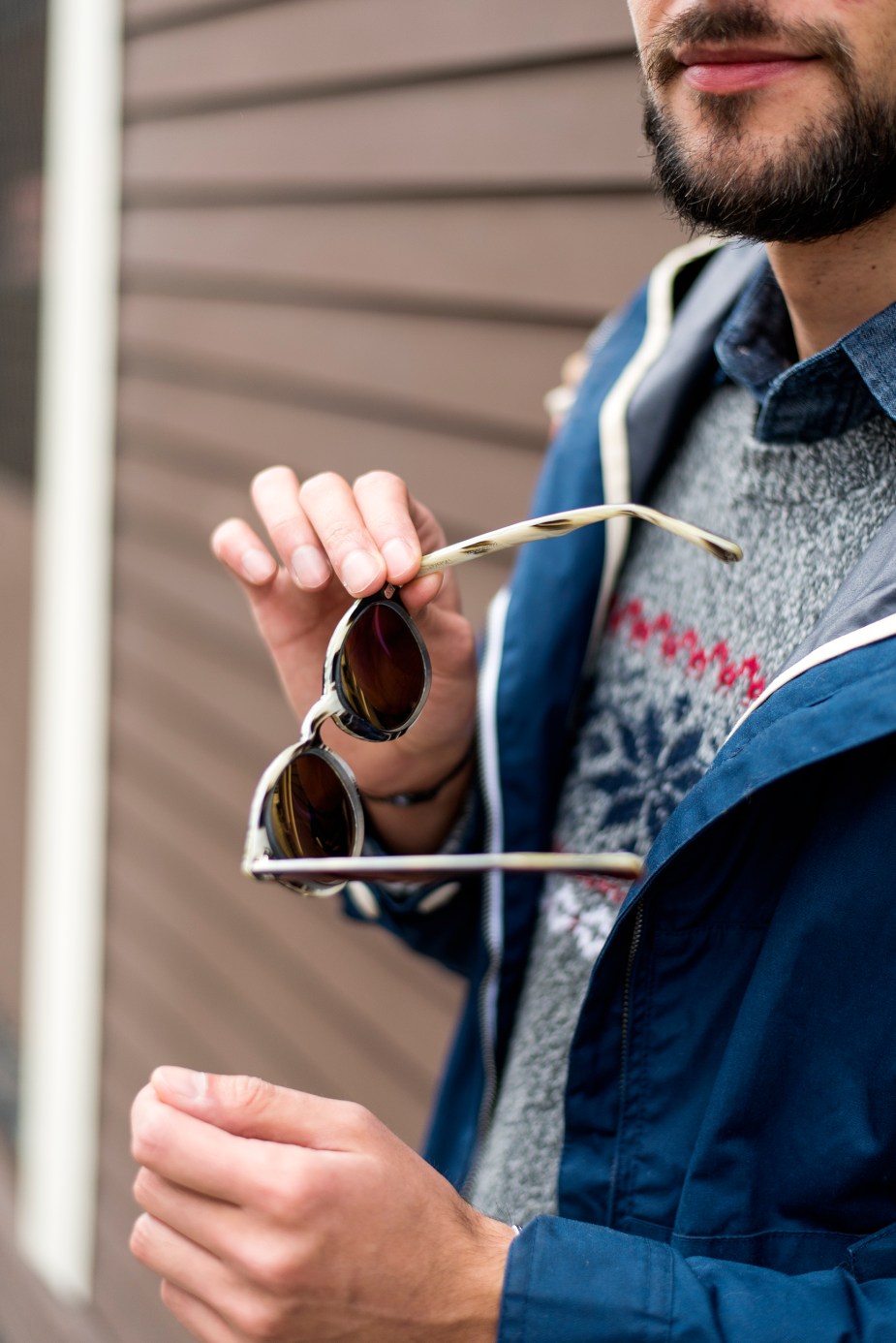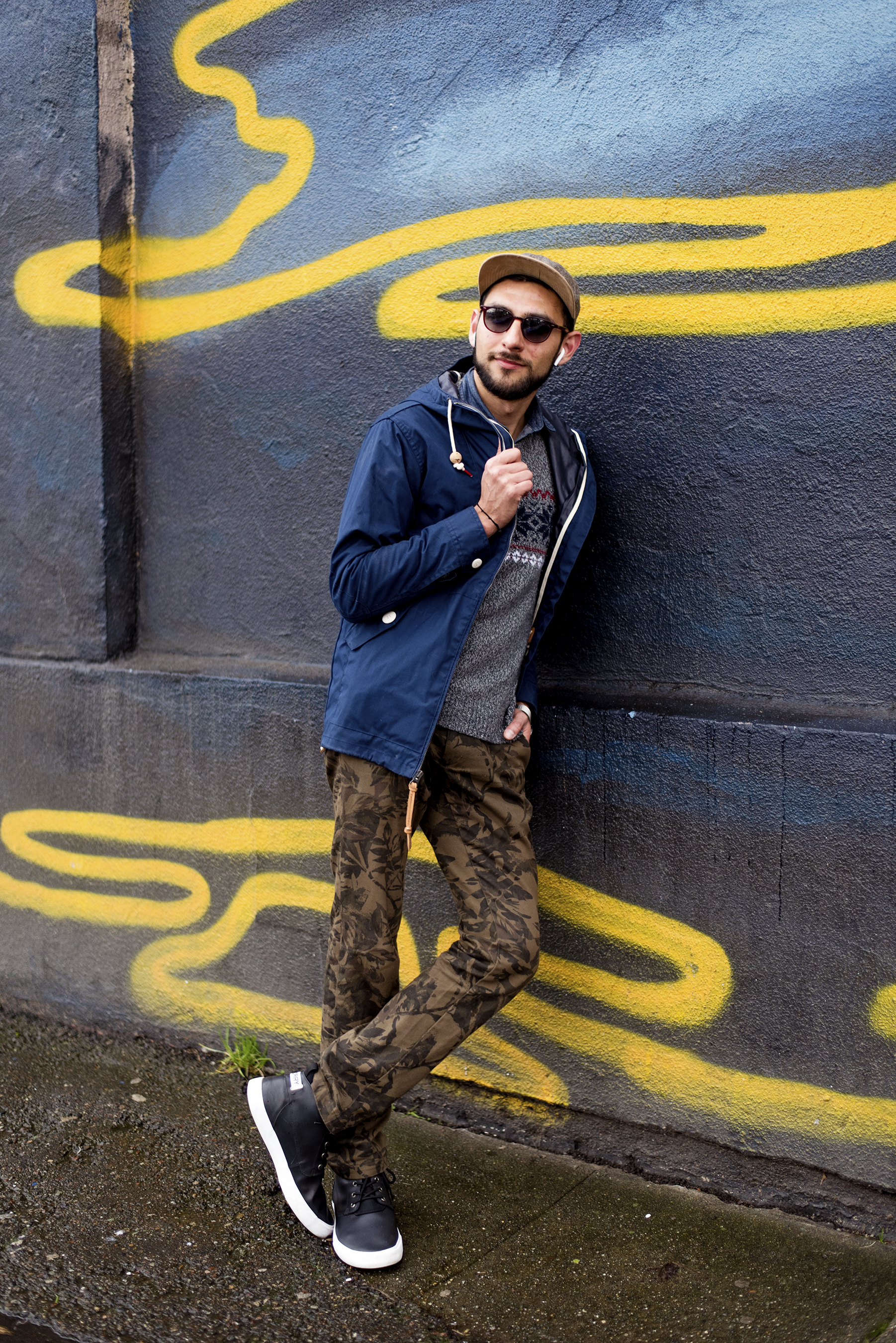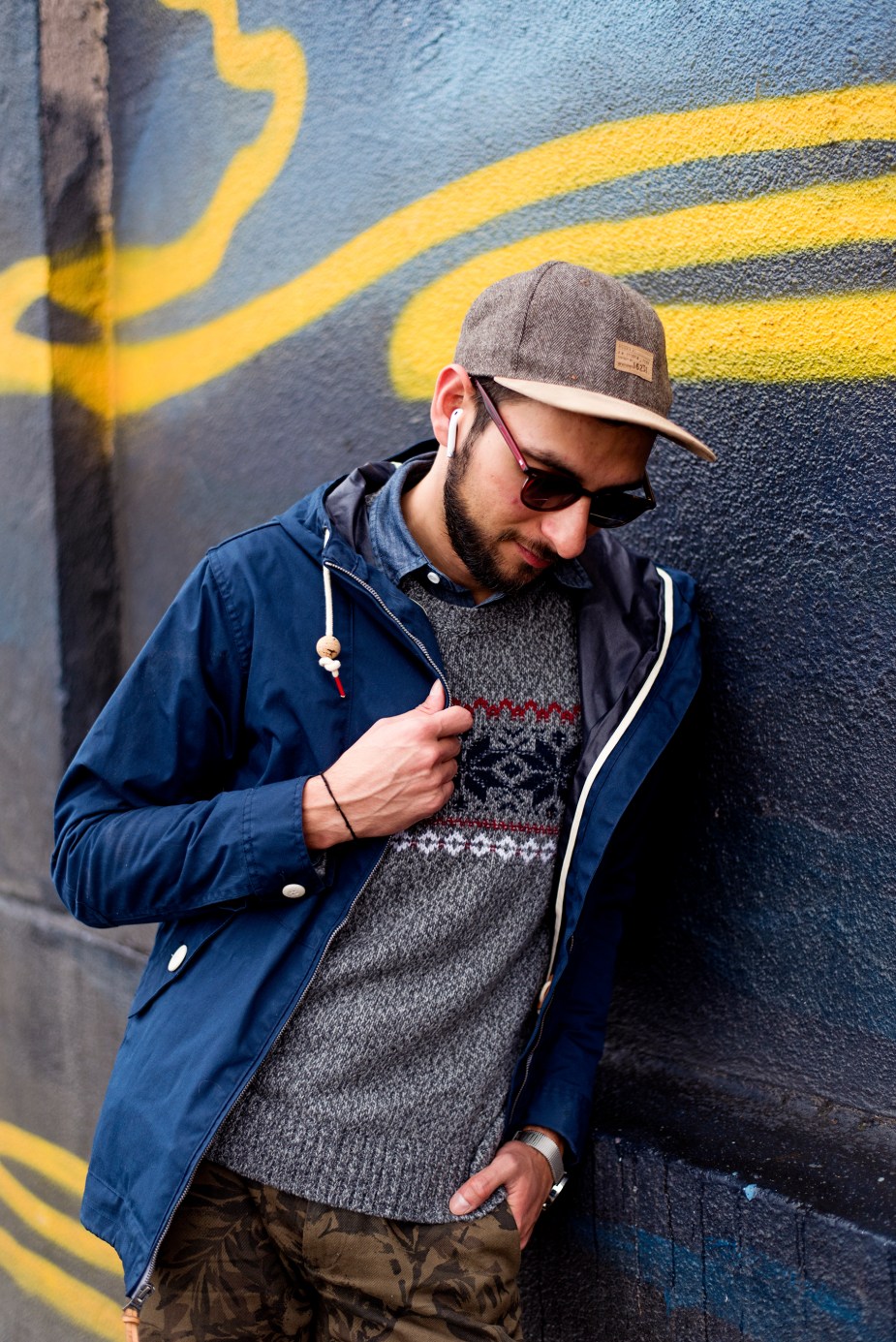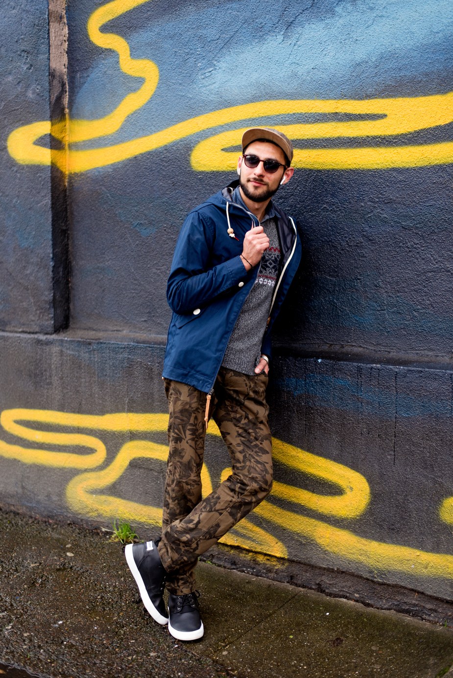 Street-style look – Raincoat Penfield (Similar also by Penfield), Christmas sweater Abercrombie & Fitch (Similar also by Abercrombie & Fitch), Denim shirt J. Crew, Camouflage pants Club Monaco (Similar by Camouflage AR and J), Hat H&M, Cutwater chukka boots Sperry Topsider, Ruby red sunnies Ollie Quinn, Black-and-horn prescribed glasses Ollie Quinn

---

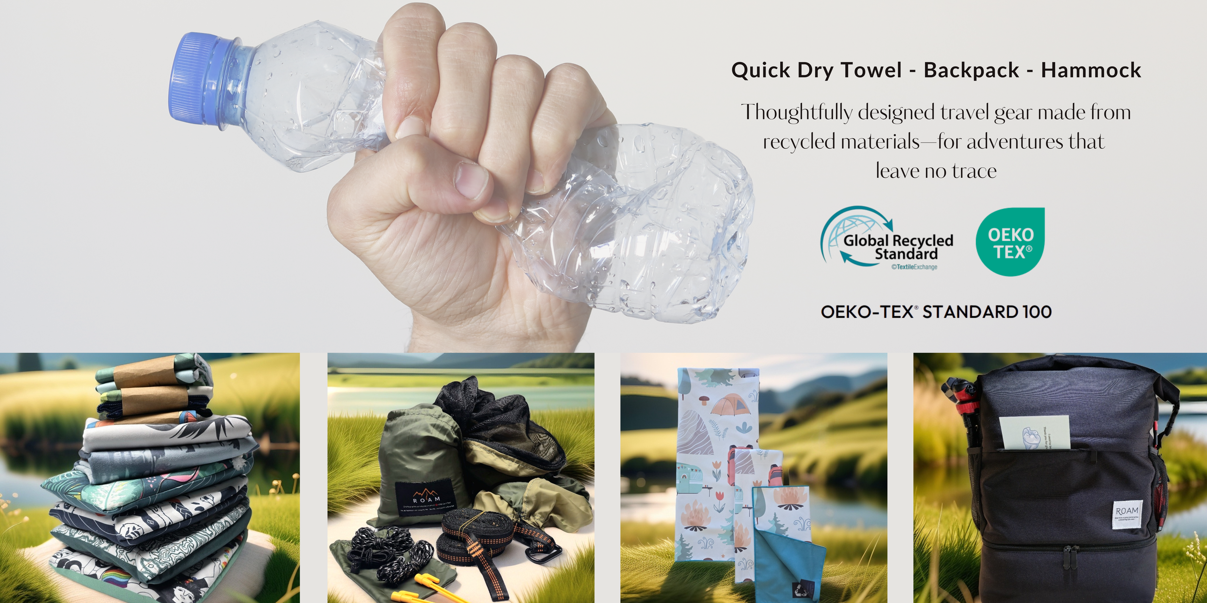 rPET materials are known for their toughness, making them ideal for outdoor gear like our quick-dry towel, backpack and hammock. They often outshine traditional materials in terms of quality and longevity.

==

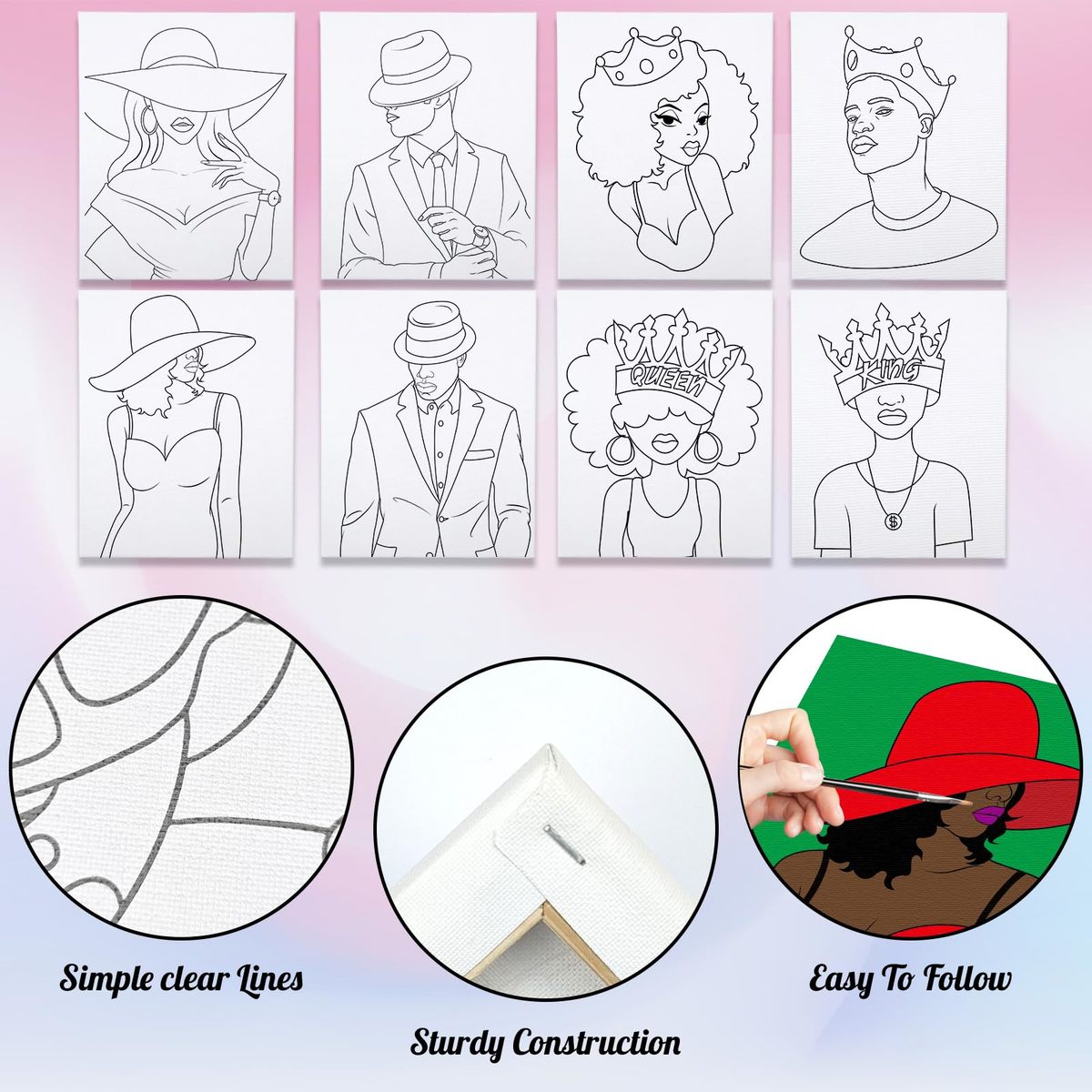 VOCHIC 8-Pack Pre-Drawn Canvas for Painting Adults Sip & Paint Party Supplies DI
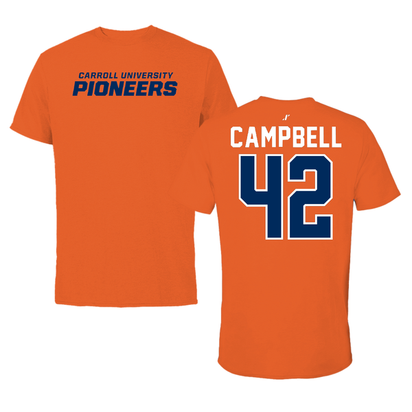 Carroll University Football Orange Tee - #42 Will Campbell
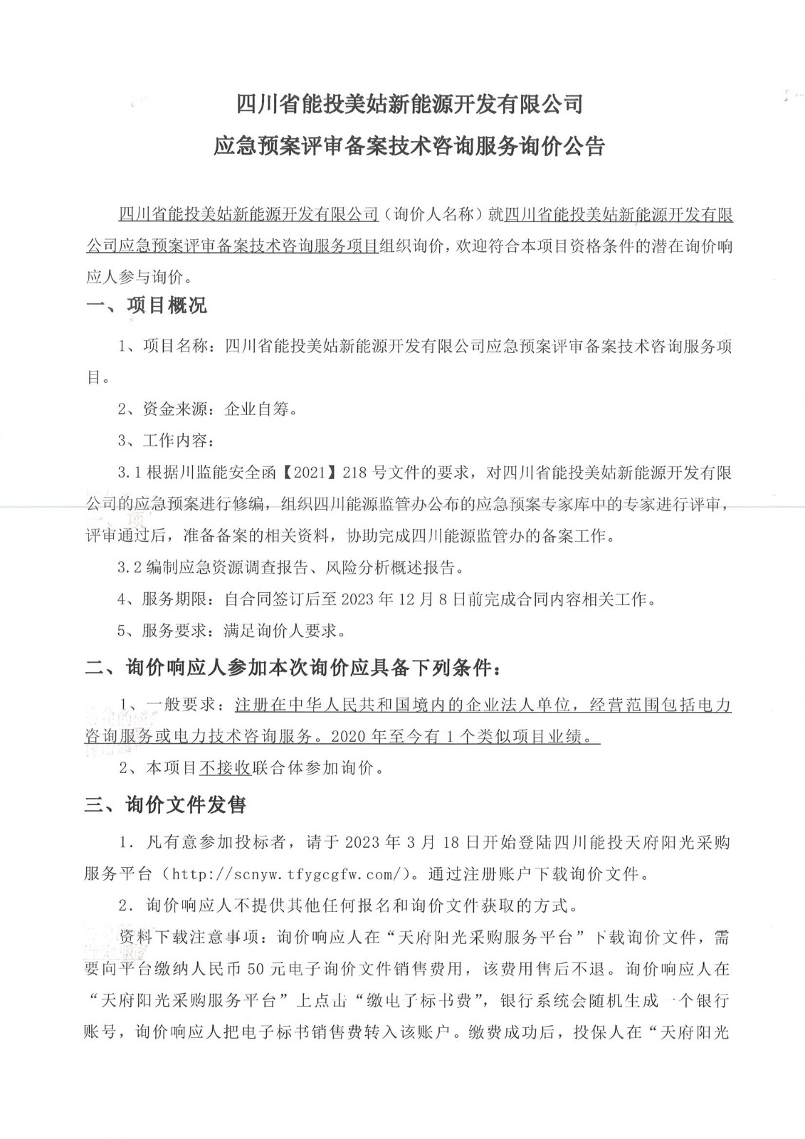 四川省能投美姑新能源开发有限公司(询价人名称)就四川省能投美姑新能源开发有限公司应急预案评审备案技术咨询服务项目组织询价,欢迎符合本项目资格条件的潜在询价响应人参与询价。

> _Description of the task_:
Range to copy from the listing above: the line with "VOCHIC 8-Pack Pre-Drawn" through the line with "四川省能投美姑新能源开发有限公司(询价人". Transcribe it exactly and skip the pictures.

> _Completed task_:
 VOCHIC 8-Pack Pre-Drawn Canvas for Painting Adults Sip & Paint Party Supplies DI
 Carroll University Football Orange Tee - #42 Will Campbell
 四川省能投美姑新能源开发有限公司(询价人名称)就四川省能投美姑新能源开发有限公司应急预案评审备案技术咨询服务项目组织询价,欢迎符合本项目资格条件的潜在询价响应人参与询价。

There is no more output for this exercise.